◆ **Try it**
Take the material below and extract the lines from the one with "Мужская майка-борцовка с" through the one with "在昆明站,vivo云南联合云", word for word, without pictures.

◆ **Material supplied**
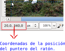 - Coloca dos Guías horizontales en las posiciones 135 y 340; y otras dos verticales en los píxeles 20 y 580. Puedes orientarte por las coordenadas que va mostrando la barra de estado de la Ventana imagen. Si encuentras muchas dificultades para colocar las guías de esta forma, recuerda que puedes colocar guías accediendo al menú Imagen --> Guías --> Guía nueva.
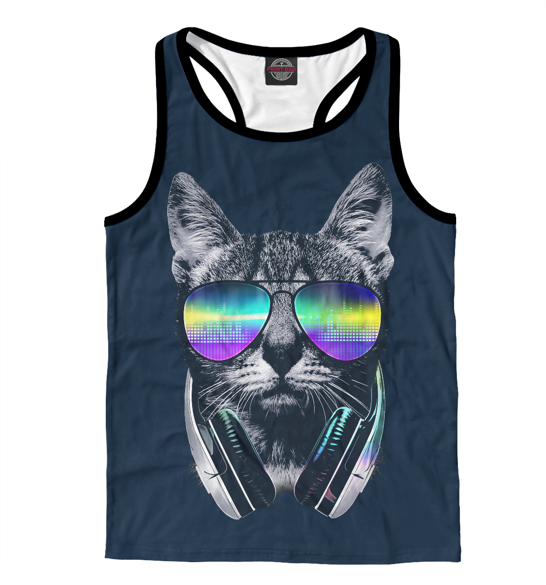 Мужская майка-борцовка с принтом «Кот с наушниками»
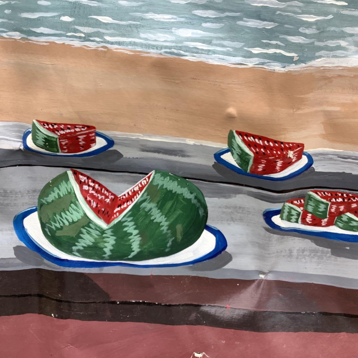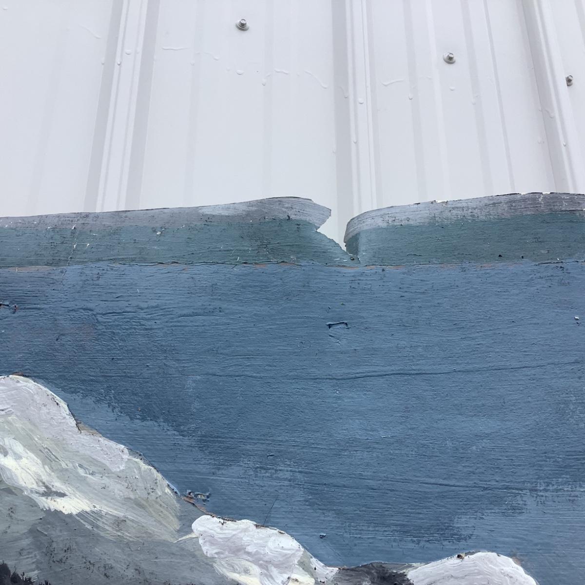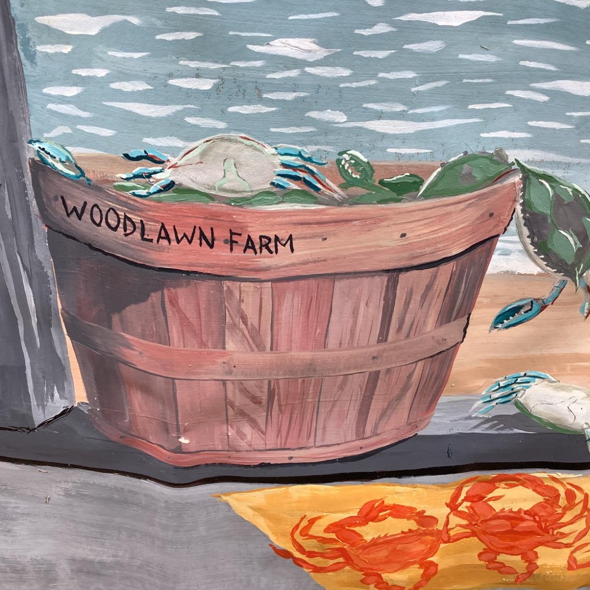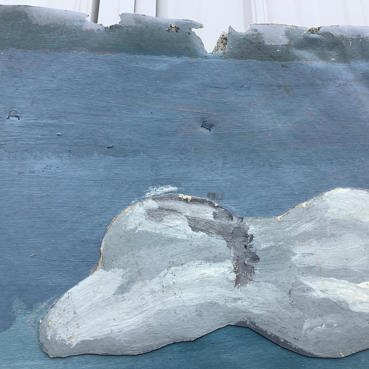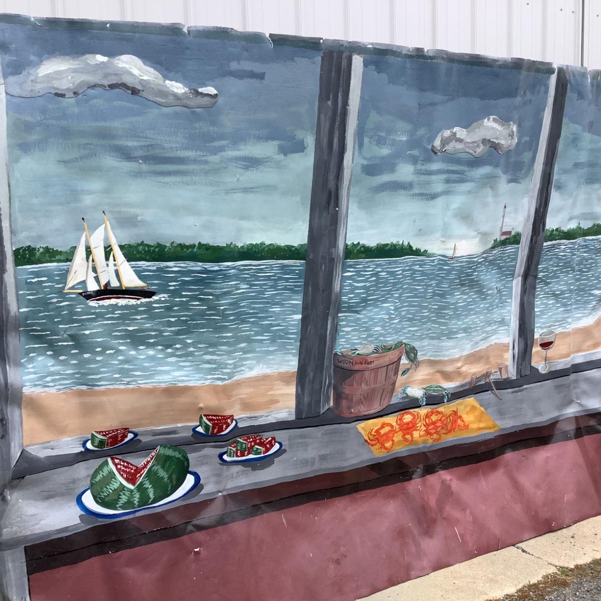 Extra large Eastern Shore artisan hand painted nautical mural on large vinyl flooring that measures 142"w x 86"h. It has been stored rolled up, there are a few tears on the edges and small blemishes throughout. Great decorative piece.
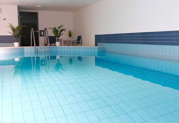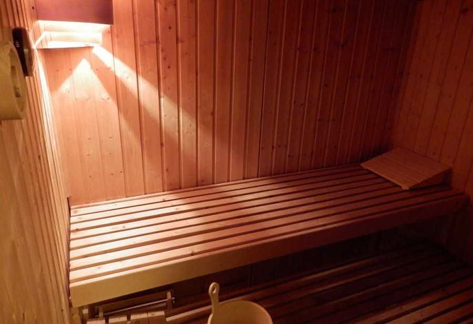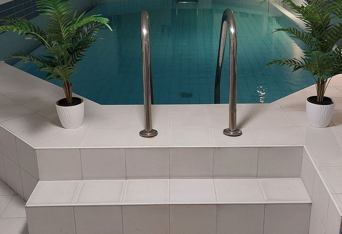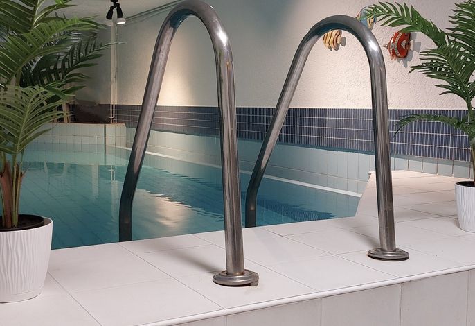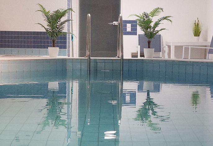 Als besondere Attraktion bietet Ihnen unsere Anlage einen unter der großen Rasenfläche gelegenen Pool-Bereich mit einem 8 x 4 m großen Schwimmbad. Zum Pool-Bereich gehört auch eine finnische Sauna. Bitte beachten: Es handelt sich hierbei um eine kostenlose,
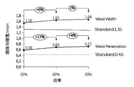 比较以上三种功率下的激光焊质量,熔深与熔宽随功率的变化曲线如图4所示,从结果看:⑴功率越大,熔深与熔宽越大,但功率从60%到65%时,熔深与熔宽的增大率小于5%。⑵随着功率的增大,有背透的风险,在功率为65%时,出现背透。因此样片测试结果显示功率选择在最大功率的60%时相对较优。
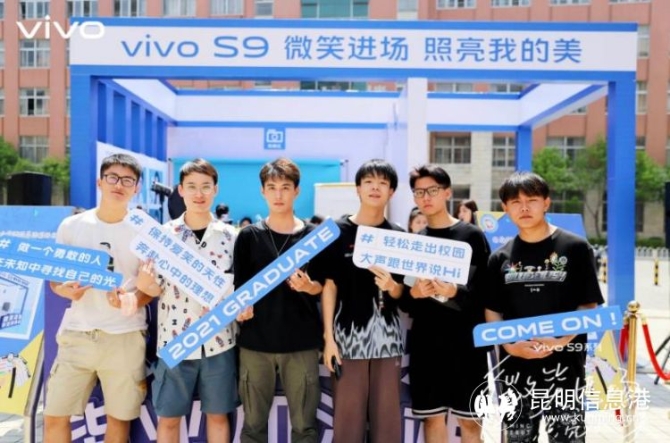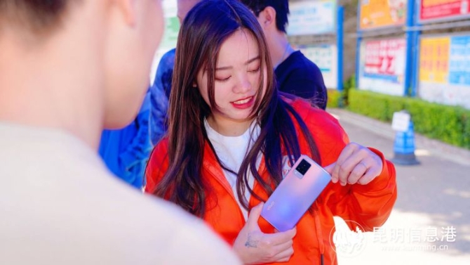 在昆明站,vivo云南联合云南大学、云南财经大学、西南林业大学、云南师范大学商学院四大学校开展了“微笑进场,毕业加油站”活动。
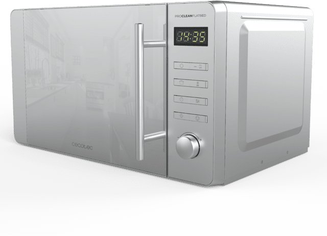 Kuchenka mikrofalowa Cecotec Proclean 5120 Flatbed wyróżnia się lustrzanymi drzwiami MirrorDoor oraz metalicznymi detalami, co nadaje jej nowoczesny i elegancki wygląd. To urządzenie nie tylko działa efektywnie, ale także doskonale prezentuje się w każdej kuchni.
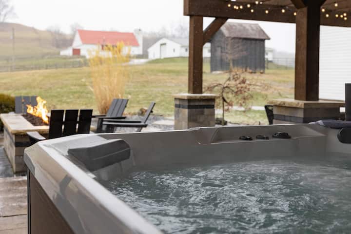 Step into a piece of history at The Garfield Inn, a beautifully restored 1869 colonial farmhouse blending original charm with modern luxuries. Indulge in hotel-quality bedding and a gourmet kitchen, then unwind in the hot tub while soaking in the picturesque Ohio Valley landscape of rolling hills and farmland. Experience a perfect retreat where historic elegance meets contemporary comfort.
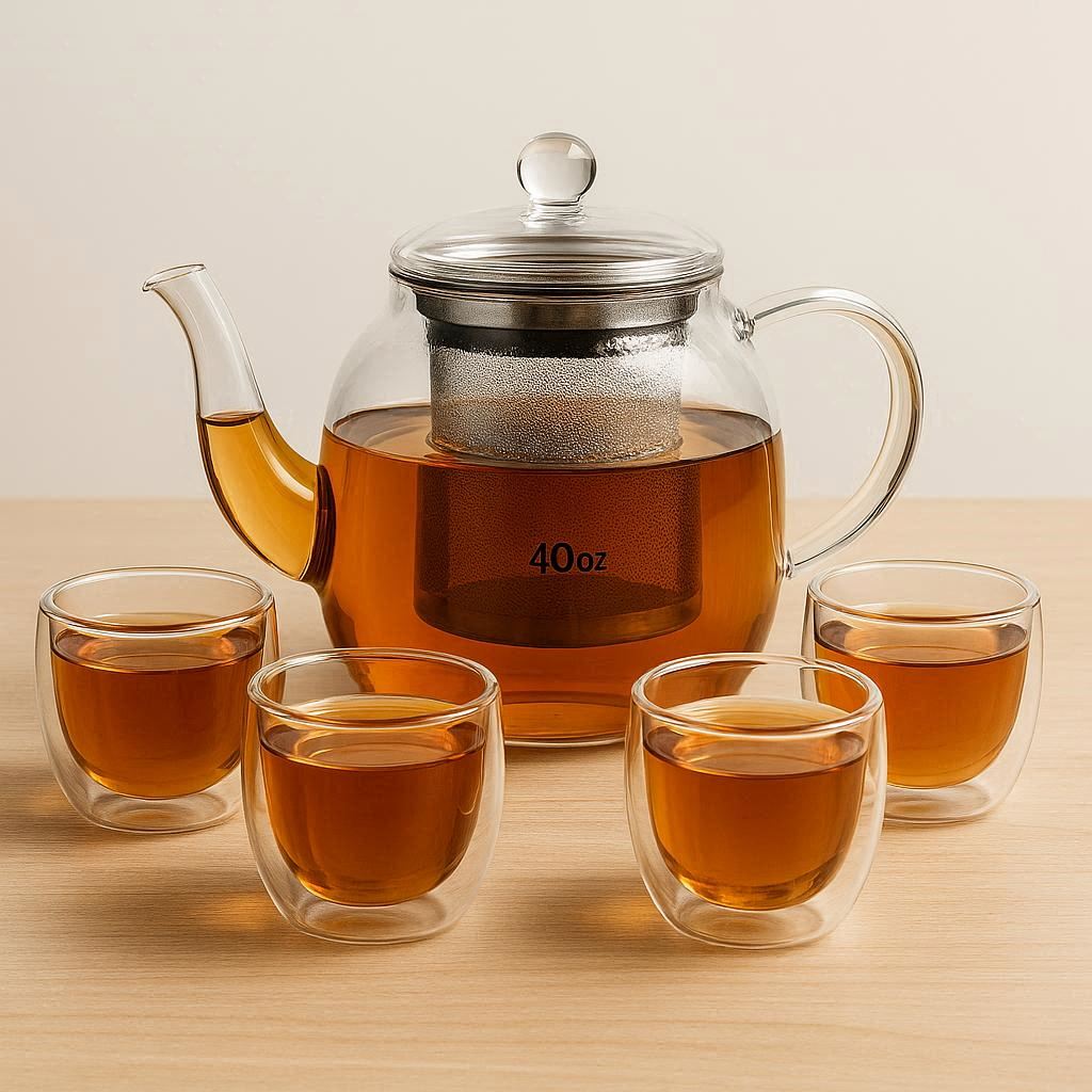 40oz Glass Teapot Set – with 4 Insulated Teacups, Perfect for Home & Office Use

* * *

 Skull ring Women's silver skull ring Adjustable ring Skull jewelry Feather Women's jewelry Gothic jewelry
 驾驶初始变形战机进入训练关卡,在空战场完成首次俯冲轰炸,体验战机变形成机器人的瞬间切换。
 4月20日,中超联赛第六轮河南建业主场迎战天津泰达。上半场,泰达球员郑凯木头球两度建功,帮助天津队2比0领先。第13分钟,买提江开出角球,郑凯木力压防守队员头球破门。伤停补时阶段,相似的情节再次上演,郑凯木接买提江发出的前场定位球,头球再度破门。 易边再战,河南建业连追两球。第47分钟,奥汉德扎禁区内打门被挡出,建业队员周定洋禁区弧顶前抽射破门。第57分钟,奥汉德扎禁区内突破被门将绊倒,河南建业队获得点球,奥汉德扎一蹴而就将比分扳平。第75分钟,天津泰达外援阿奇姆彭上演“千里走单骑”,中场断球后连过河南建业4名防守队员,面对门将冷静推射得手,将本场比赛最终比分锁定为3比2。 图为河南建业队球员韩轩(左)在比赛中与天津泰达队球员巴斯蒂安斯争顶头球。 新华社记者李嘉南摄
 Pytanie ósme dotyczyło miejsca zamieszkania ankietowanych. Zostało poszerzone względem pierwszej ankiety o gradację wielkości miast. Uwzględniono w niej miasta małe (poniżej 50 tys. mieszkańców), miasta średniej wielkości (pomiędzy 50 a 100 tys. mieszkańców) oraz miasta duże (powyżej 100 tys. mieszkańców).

◆ **Result**
 Мужская майка-борцовка с принтом «Кот с наушниками»
 Extra large Eastern Shore artisan hand painted nautical mural on large vinyl flooring that measures 142"w x 86"h. It has been stored rolled up, there are a few tears on the edges and small blemishes throughout. Great decorative piece.
 Als besondere Attraktion bietet Ihnen unsere Anlage einen unter der großen Rasenfläche gelegenen Pool-Bereich mit einem 8 x 4 m großen Schwimmbad. Zum Pool-Bereich gehört auch eine finnische Sauna. Bitte beachten: Es handelt sich hierbei um eine kostenlose,
 比较以上三种功率下的激光焊质量,熔深与熔宽随功率的变化曲线如图4所示,从结果看:⑴功率越大,熔深与熔宽越大,但功率从60%到65%时,熔深与熔宽的增大率小于5%。⑵随着功率的增大,有背透的风险,在功率为65%时,出现背透。因此样片测试结果显示功率选择在最大功率的60%时相对较优。
 在昆明站,vivo云南联合云南大学、云南财经大学、西南林业大学、云南师范大学商学院四大学校开展了“微笑进场,毕业加油站”活动。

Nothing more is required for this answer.